* Exercise aim
Output exactly the lines from the one with "Lightweight, durable, and" through the last line of the data below, both included, and nothing more.

(Extracted records)
■ ■ ■ ■ ■ ■ ■
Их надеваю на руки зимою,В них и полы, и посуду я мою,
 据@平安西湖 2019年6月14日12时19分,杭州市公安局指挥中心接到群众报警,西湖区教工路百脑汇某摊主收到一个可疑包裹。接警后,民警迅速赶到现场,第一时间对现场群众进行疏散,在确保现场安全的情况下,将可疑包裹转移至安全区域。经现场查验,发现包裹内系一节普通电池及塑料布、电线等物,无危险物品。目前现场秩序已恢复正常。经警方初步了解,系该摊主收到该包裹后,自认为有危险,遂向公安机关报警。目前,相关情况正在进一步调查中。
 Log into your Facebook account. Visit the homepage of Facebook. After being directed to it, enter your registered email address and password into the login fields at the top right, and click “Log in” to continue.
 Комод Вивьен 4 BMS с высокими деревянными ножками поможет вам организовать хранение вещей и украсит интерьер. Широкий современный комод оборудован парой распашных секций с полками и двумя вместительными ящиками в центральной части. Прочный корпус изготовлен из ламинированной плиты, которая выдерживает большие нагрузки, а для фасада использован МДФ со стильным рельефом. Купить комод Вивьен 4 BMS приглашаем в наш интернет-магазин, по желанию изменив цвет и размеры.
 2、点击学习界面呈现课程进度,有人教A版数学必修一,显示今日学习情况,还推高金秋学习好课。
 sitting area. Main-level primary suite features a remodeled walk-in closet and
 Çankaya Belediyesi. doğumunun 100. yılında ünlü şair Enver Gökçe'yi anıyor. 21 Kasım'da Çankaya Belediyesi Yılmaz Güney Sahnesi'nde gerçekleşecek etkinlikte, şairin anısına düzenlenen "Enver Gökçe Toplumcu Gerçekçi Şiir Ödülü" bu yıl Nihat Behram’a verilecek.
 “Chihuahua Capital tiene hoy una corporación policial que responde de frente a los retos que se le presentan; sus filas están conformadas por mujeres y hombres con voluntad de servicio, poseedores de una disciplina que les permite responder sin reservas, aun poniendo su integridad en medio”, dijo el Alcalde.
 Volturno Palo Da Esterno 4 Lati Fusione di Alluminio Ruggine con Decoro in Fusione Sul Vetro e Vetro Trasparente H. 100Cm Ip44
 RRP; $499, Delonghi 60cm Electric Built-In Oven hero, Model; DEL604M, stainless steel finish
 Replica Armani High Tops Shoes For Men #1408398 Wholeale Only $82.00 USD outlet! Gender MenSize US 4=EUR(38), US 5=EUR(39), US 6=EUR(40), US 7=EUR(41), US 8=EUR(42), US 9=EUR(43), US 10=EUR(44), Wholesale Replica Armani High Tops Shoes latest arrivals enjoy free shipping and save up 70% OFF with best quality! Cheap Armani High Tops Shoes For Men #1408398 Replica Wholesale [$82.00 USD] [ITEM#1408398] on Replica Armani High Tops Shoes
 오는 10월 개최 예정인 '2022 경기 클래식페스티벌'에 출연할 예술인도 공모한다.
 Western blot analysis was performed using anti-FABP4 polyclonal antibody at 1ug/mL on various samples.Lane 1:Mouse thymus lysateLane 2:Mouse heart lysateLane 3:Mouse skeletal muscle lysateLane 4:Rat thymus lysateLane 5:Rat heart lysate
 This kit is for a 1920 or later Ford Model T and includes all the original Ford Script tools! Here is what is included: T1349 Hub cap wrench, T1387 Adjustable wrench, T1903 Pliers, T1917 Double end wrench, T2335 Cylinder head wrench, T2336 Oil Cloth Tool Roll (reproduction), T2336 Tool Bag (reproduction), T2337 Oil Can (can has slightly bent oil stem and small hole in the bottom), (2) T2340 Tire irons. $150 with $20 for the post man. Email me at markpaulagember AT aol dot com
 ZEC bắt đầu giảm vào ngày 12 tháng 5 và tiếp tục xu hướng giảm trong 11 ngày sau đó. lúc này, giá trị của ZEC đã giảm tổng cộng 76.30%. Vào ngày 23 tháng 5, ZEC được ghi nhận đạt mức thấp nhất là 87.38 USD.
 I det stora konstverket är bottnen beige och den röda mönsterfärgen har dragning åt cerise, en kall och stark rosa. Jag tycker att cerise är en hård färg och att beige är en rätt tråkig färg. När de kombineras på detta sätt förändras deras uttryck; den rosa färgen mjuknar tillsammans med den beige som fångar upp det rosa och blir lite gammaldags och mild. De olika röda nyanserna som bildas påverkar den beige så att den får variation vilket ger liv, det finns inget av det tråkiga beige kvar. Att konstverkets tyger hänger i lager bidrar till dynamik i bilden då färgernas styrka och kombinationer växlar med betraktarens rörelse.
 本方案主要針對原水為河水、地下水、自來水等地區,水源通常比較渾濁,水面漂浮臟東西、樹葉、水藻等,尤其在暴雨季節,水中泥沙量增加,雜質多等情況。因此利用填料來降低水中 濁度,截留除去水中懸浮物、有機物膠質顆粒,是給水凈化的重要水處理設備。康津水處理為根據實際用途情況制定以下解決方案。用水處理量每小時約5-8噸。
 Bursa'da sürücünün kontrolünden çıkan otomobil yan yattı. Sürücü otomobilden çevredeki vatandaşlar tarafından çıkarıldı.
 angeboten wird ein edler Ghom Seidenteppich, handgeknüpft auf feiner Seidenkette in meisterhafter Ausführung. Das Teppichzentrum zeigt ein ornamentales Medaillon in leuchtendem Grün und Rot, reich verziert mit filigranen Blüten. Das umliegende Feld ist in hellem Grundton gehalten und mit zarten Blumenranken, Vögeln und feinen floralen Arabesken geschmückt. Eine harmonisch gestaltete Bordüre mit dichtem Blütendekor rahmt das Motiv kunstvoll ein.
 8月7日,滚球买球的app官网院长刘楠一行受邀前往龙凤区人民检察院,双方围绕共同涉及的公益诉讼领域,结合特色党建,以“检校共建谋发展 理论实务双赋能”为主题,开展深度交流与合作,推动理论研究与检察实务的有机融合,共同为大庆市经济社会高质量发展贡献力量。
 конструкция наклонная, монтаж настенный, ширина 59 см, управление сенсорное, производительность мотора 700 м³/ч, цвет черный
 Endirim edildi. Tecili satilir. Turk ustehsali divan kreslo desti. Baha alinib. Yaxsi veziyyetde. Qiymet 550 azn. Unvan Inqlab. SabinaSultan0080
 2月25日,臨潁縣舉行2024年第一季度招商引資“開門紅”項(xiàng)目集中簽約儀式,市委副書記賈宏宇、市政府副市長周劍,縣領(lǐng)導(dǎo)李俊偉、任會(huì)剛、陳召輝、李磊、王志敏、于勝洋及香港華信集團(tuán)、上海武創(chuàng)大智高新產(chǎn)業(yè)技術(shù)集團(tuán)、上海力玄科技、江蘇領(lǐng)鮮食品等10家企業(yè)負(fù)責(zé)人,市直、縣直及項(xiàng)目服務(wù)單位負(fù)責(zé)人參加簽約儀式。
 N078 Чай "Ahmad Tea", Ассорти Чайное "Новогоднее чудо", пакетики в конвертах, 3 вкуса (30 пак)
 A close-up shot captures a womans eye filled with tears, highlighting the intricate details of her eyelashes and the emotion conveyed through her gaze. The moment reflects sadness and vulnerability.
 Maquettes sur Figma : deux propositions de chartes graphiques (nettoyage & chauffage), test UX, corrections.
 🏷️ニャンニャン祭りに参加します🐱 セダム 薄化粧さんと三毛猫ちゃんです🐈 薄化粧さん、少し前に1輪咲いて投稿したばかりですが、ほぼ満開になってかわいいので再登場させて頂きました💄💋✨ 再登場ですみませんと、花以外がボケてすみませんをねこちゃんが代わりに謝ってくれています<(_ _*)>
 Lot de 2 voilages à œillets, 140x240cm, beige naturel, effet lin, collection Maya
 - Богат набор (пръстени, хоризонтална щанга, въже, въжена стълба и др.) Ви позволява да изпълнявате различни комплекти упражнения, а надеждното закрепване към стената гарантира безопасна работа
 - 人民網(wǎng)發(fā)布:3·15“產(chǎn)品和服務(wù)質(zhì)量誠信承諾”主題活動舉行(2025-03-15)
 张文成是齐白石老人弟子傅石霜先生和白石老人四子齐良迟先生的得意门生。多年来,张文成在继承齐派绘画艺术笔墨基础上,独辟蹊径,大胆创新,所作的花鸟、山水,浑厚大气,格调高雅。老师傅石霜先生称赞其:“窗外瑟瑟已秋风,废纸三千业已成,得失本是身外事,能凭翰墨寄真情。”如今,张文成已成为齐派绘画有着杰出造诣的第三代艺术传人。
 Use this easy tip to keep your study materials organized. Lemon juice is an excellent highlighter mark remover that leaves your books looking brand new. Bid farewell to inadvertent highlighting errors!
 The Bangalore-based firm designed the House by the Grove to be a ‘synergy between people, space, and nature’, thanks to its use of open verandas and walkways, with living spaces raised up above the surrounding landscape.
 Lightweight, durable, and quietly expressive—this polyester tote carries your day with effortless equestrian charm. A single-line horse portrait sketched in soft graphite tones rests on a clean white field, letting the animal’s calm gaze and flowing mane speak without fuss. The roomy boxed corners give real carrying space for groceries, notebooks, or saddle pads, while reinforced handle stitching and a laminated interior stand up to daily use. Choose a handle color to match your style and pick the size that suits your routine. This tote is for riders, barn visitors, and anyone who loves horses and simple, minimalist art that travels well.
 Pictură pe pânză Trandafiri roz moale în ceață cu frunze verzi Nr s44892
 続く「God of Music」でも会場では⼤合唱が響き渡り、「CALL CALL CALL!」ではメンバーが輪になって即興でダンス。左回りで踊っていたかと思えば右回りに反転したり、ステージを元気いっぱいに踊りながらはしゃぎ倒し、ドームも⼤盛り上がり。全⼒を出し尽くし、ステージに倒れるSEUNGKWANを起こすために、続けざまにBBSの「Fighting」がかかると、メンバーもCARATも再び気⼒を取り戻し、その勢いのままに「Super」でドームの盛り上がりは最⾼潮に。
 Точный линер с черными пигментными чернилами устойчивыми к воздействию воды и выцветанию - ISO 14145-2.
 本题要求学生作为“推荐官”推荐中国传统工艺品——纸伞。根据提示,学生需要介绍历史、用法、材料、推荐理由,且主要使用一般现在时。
■ ■ ■ ■ ■ ■ ■
* Response to the task
 Lightweight, durable, and quietly expressive—this polyester tote carries your day with effortless equestrian charm. A single-line horse portrait sketched in soft graphite tones rests on a clean white field, letting the animal’s calm gaze and flowing mane speak without fuss. The roomy boxed corners give real carrying space for groceries, notebooks, or saddle pads, while reinforced handle stitching and a laminated interior stand up to daily use. Choose a handle color to match your style and pick the size that suits your routine. This tote is for riders, barn visitors, and anyone who loves horses and simple, minimalist art that travels well.
 Pictură pe pânză Trandafiri roz moale în ceață cu frunze verzi Nr s44892
 続く「God of Music」でも会場では⼤合唱が響き渡り、「CALL CALL CALL!」ではメンバーが輪になって即興でダンス。左回りで踊っていたかと思えば右回りに反転したり、ステージを元気いっぱいに踊りながらはしゃぎ倒し、ドームも⼤盛り上がり。全⼒を出し尽くし、ステージに倒れるSEUNGKWANを起こすために、続けざまにBBSの「Fighting」がかかると、メンバーもCARATも再び気⼒を取り戻し、その勢いのままに「Super」でドームの盛り上がりは最⾼潮に。
 Точный линер с черными пигментными чернилами устойчивыми к воздействию воды и выцветанию - ISO 14145-2.
 本题要求学生作为“推荐官”推荐中国传统工艺品——纸伞。根据提示,学生需要介绍历史、用法、材料、推荐理由,且主要使用一般现在时。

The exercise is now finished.